What Is A Bucket In Prometheus?

Better Stack Team
Updated on November 29, 2024

In Prometheus, a bucket is a concept used in histograms to organize observed values into predefined ranges. Buckets are critical for tracking and analyzing the distribution of values, such as response times or request sizes.

Key features of a bucket

  1. Range-based grouping: A bucket defines a range of values (e.g., 0–100ms, 100–200ms). Observed values falling within this range are counted.

  2. Cumulative counts: Buckets are cumulative, meaning each bucket includes all observations for its range and any lower ranges.

  3. Used in histograms: Buckets are part of the histogram metric type, providing detailed data distribution insight.

How buckets work in histograms

Prometheus counts the number of observations that fall into each bucket range when using a histogram. For example, if you define buckets for request latency:

 
from prometheus_client import Histogram

# Define a histogram with buckets
request_latency = Histogram(
    'http_request_latency_seconds', 
    'Request latency in seconds',
    buckets=[0.1, 0.5, 1, 2.5, 5, 10]
)

# Observe a value
request_latency.observe(1.2)

Buckets in the above example: - 0.1: Count of requests with latency ≤ 0.1 seconds. - 0.5: Count of requests with latency ≤ 0.5 seconds. - 1: Count of requests with latency ≤ 1 second. - 2.5: Count of requests with latency ≤ 2.5 seconds. - 5: Count of requests with latency ≤ 5 seconds. - 10: Count of requests with latency ≤ 10 seconds.

Special bucket:

  • Prometheus also creates a bucket labeled +Inf, which includes all observed values greater than the largest bucket.
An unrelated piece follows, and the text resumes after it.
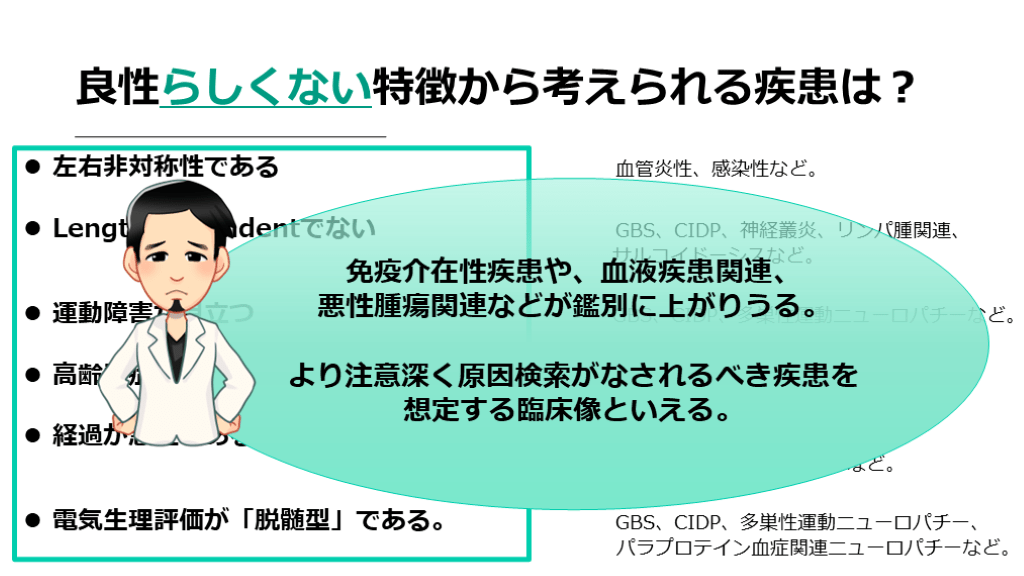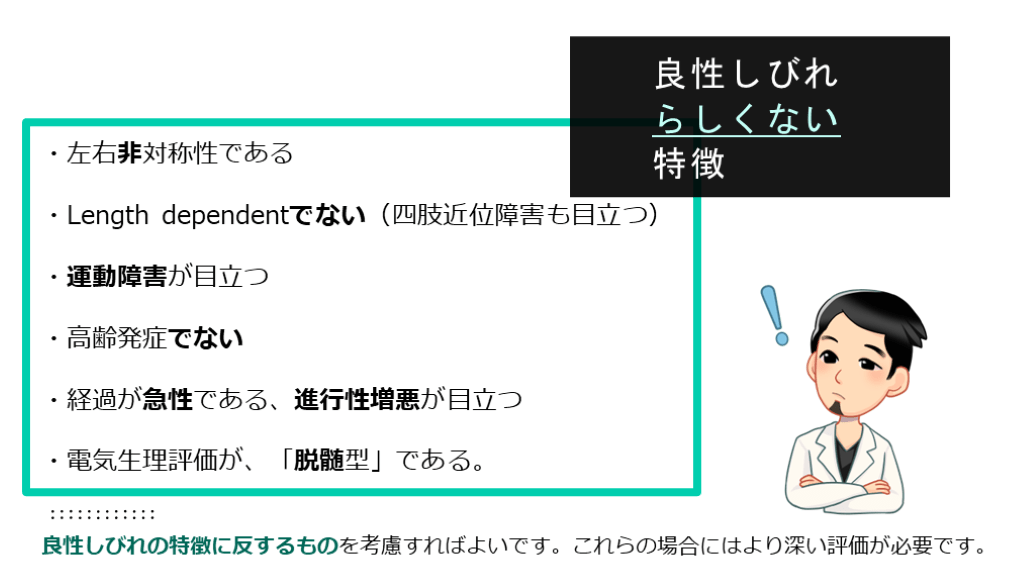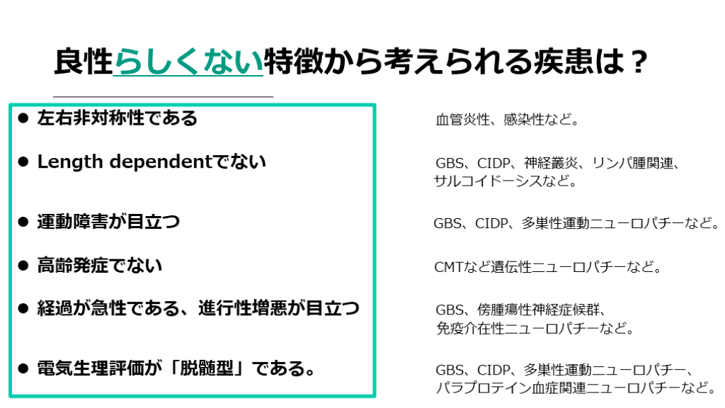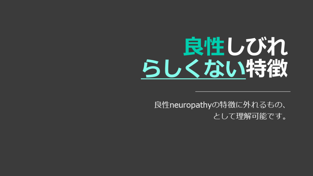 らしくない特徴 良性neuropathyの特徴に外れるもの、

If Prometheus scrapes the above metric, it might display something like:

 
http_request_latency_seconds_bucket{le="0.1"} 5
http_request_latency_seconds_bucket{le="0.5"} 15
http_request_latency_seconds_bucket{le="1"} 25
http_request_latency_seconds_bucket{le="2.5"} 35
http_request_latency_seconds_bucket{le="5"} 40
http_request_latency_seconds_bucket{le="10"} 50
http_request_latency_seconds_bucket{le="+Inf"} 60
http_request_latency_seconds_sum 75
http_request_latency_seconds_count 60
  • le stands for "less than or equal to."
  • Buckets track cumulative counts for each range.
  • The sum and count are auxiliary metrics for calculating averages.

Choosing bucket ranges

The following are some of the factors to consider when choosing bucket ranges: - Ensure buckets match the expected range of values (e.g., typical response times). - Use fewer buckets for simplicity and better performance. - Avoid excessively wide or narrow buckets, as they can reduce the usefulness of the histogram.

Example for response times: - Buckets for a low-latency service: [0.01, 0.05, 0.1, 0.5, 1, 2.5, 5] - Buckets for a high-latency service: [0.5, 1, 5, 10, 20, 50, 100]

When to use buckets

Buckets are ideal when you need: - Insights into the distribution of values, such as latency, file sizes, or response codes. - Aggregated data for performance monitoring. - Detailed PromQL queries on percentiles, e.g., histogram_quantile().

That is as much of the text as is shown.